To achieve this, the project is developing the Glacial Lakes Inventory (GLI) toolbox, utilizing the python Tkinter library. This toolbox will monitor lake dynamics and provide statistics on surface area changes, the appearance of new lakes, and the disappearance of existing ones. The toolbox relies on Sentinel-2 Normalised Difference Water Index (NDWI) to detect glacial lakes, and an exciting deep learning-based methodology that fuses information from Sentinel-1 Synthetic Aperture Radar (SAR) and Sentinel-2 optical satellite data, allowing high-resolution monitoring year-round.

Overcoming Challenges

Mapping and monitoring glacial lakes using satellite sensors come with challenges. Many of these lakes are small and frozen for a significant part of the year, making detection difficult. Furthermore, clouds, cast shadows, lake turbidity, and atmospheric conditions pose additional hurdles. However, the GLOFCA project’s state-of-the-art algorithms and techniques show promising results, even detecting lakes as small as 0.01 kmĀ² in area.

The Role of Deep Learning

The GLOFCA project employs an advanced deep learning algorithm called the Glacial Lakes Monitoring (GLM) network. This network uses a combination of satellite data from both Sentinel-1 SAR and Sentinel-2 sensors to create a comprehensive and data-driven approach to glacial lake monitoring. The deep learning process involves semantic segmentation, classifying each pixel as either lake or background, ultimately providing experts with valuable data on glacial lake extents.
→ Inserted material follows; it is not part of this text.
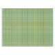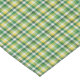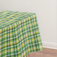 Esta toalha de mesa é mostrada em uma estampa xadrez verde, amarela e branca.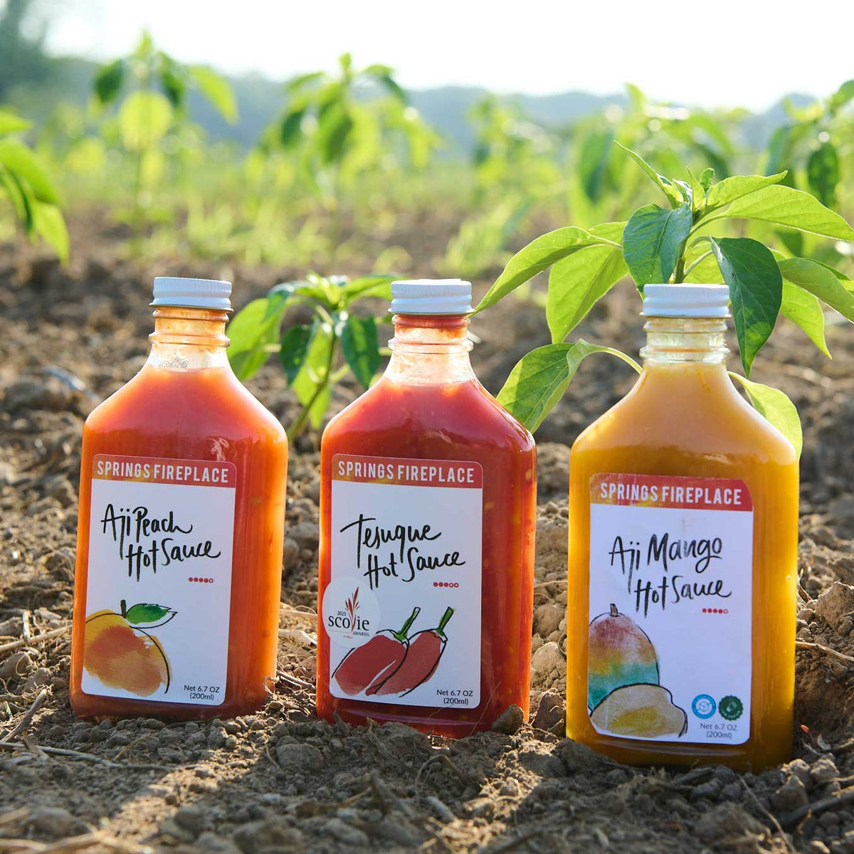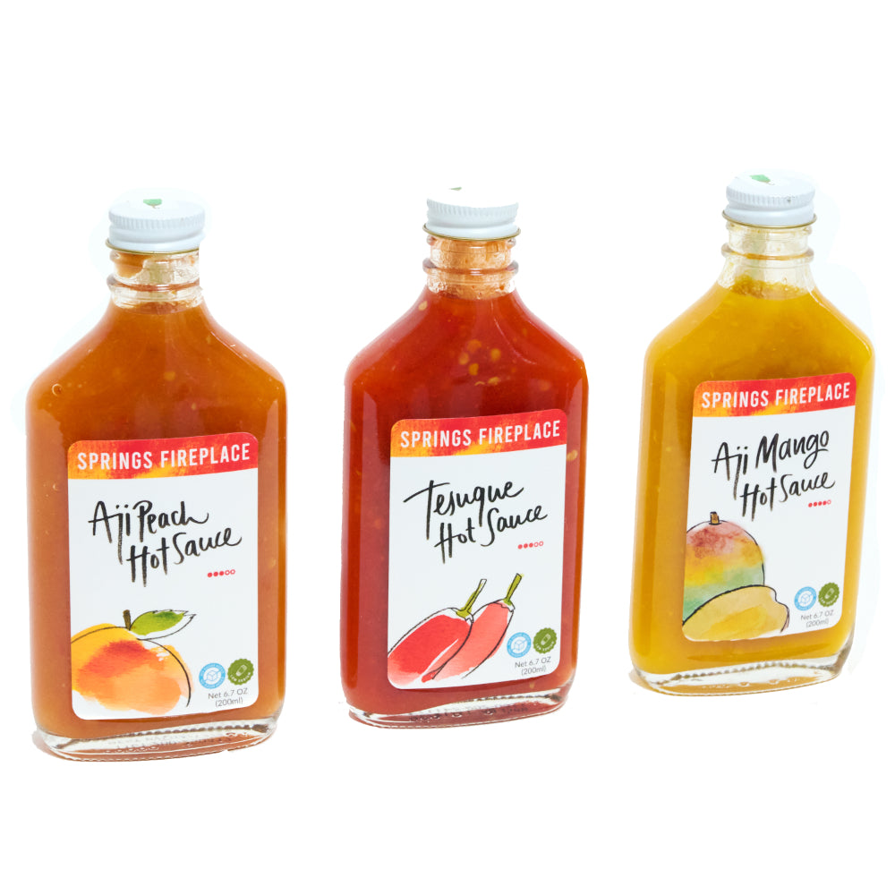 The perfect gift for food lovers, heat connoisseurs, or anyone who appreciates things that come straight from the farm. This beautifully boxed trio features one full-sized bottle of each of our award-winning hot sauces — Tesuque, Aji Peach, and Aji Mango.

Advancing Susceptibility Assessment

The GLOFCA project not only focuses on lake mapping but also advances susceptibility assessment. By combining regional expertise and international best practices, the project presents a comprehensive checklist for experts to evaluate factors that contribute to GLOF susceptibility. This guidance aids in prioritizing glacial lakes for further monitoring and action.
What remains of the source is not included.